L’article 55.2 se lit dans sa totalité comme suit :
55.2 Si une demande de certificat est présentée, l’Office étudie les observations de toute personne qu’il estime directement touchée par la délivrance du certificat ou le rejet de la demande et peut étudier les observations de toute personne qui, selon lui, possède des renseignements pertinents ou une expertise appropriée. La décision de l’Office d’étudier ou non une observation est définitive.
L’ONE a publié des lignes directrices concernant l’application de l’article 55.212. L’Office détermine quelles sont les personnes « directement touchées » au cas par cas. Il permet la participation des personnes dont l’intérêt est « particulier et détaillé au-delà de l’intérêt public général ». Pour savoir si la personne possède des renseignements pertinents ou une expertise appropriée, on tient compte notamment de « la valeur ajoutée des renseignements dans le contexte de la décision à rendre ou de la recommandation à présenter à l’Office ».
Première manche — L’affaire du projet d’inversion de la canalisation 9B d’Enbridge
L’instance portant sur le TMX était la deuxième contestation de l’application de l’article 55.2 devant les tribunaux. La première occasion s’est présentée au cours du projet d’inversion de la canalisation 9B d’Enbridge13. Dans l’affaire ForestEthics Advocacy Association c l’Office national de l’énergie14, la CAF a confirmé la décision de l’ONE de la portée de cette instance et l’établissement des droits de participation. La décision ForestEthics, ayant fait l’objet d’un examen détaillé dans des éditions antérieures de la présente publication15, met en évidence le concept de respect des impératifs de prise de décision de l’Office ainsi que de sa compétence et de son expertise spécialisées. En ce qui a trait aux droits de participation, la Cour a déclaré que :
« Les audiences de l’Office ne sont pas une tribune téléphonique à la radio à laquelle n’importe qui peut participer tout simplement en composant le numéro. Elles ne sont pas non plus un centre de consultation où n’importe qui peut soulever n’importe quoi, peu importe à quel point le sujet est éloigné de la tâche de l’Office consistant à réglementer la construction et l’exploitation de pipelines acheminant du pétrole et du gaz. »16
Elle a également affirmé que l’article 55.2 a été adopté afin de rendre les audiences de l’Office plus efficaces et recentrées.
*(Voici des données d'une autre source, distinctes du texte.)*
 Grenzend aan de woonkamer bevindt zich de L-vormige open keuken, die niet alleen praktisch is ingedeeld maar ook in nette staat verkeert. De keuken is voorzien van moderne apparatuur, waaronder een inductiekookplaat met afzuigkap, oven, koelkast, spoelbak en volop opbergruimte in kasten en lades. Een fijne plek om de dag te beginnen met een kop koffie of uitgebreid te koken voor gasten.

Cette disposition exige que les personnes qui ne sont pas directement touchées doivent faire une « démonstration rigoureuse » qu’elles possèdent « des renseignements pertinents ou une expertise appropriée » au regard de la question soumise à l’examen de l’organisme de réglementation17.
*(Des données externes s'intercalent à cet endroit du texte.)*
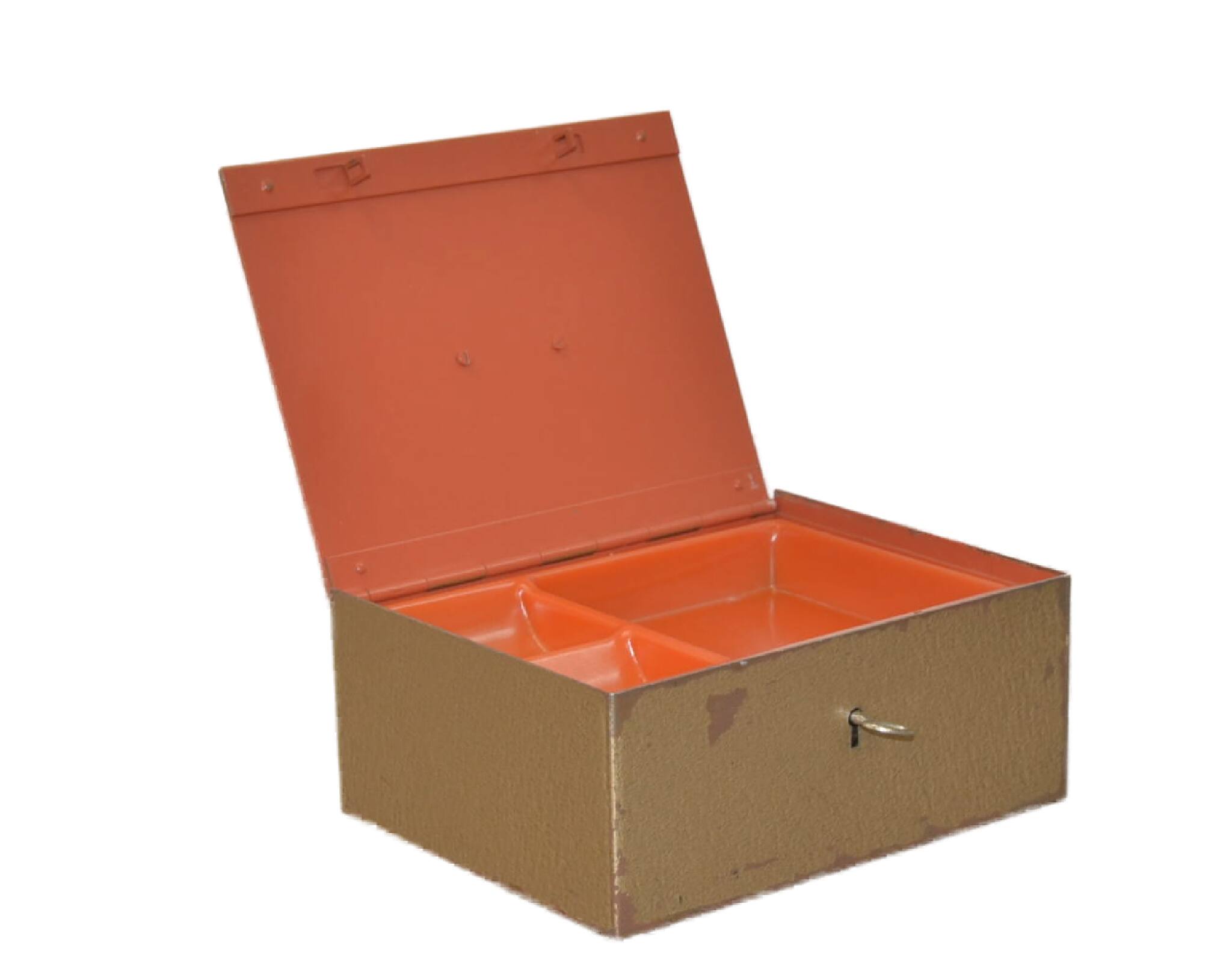 Beschreibung: Geldkassette mit Schlüssel, abschliessbar, Eisen, Hammerschlag braun mit Einsatz, Gebrauchsspuren

La Cour a expliqué que les décisions de l’Office au sujet de son processus, notamment l’établissement et l’utilisation du formulaire de demande de participation, sont de nature procédurale, et que la norme de contrôle sur les décisions procédurales est celle de « la décision correcte avec un certain degré de retenue à l’égard des choix procéduraux de l’Office »18. La Cour reconnaît que l’Office a droit à une « marge d’appréciation importante »19 dans l’établissement de processus et des principes visant à baliser les droits de participation aux audiences assujetties à l’article 55.220, une conclusion justifiée par plusieurs facteurs :
- L’Office est maître de sa propre procédure.
- L’Office a une expérience et une expertise considérables dans la tenue de ses propres audiences et quant à savoir qui devrait y participer, de quelle manière et dans quelle mesure. Il a également une expérience et une expertise considérables pour ce qui est de veiller à ce que ses audiences traitent des questions prescrites par la Loi en temps opportun et de manière efficace.
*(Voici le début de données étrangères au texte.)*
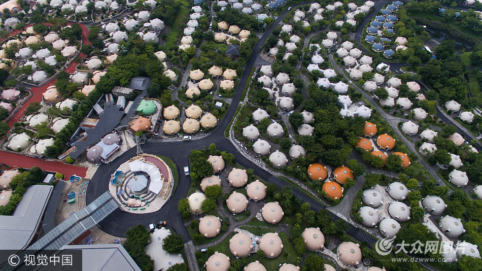 當(dāng)?shù)貢r(shí)間2017年7月31日,日本熊本縣,阿蘇農(nóng)場抗震圓頂屋鳥瞰圖。阿蘇農(nóng)場位于阿蘇國立公園內(nèi),在海拔550米的農(nóng)場占地面積達(dá)到了2000坪,是全世界獨(dú)有的大自然主題公園。而農(nóng)場里最具特色的便是形狀奇異且連綿成群的“饅頭屋”,它們不僅是提供給來到農(nóng)場游客的獨(dú)棟小別墅,也為地震災(zāi)民提供避難所 。

- Les choix procéduraux de l’Office appellent la retenue.
- Enfin, L’Office doit se conformer aux critères énoncés à l’article 55.2 de la Loi – s’« il estime » qu’une personne est « directement touchée » par l’accueil ou le rejet de la demande et si une personne « possède des renseignements pertinents ou une expertise appropriée ». Mais, il s’agit là de termes ayant un sens large et qui laissent à l’Office un certain degré de latitude, de sorte que, lorsque l’Office obtient des renseignements de parties intéressées suivant ces critères, un certain degré de latitude devrait là aussi lui être accordé.
- Les décisions de l’Office sont protégées par une clause privative21.
La Cour a également soutenu que la décision de l’Office d’exclure les questions relatives aux changements climatiques — les effets environnementaux et socioéconomiques en amont et en aval associés à la mise en valeur des sables bitumineux de l’Alberta et l’utilisation en aval du pétrole transporté par le pipeline — était raisonnable en ce sens qu’elle se situe à l’intérieur d’une gamme d’issues acceptables pouvant se justifier au regard des faits et du droit — à l’intérieur de la marge de manœuvre22.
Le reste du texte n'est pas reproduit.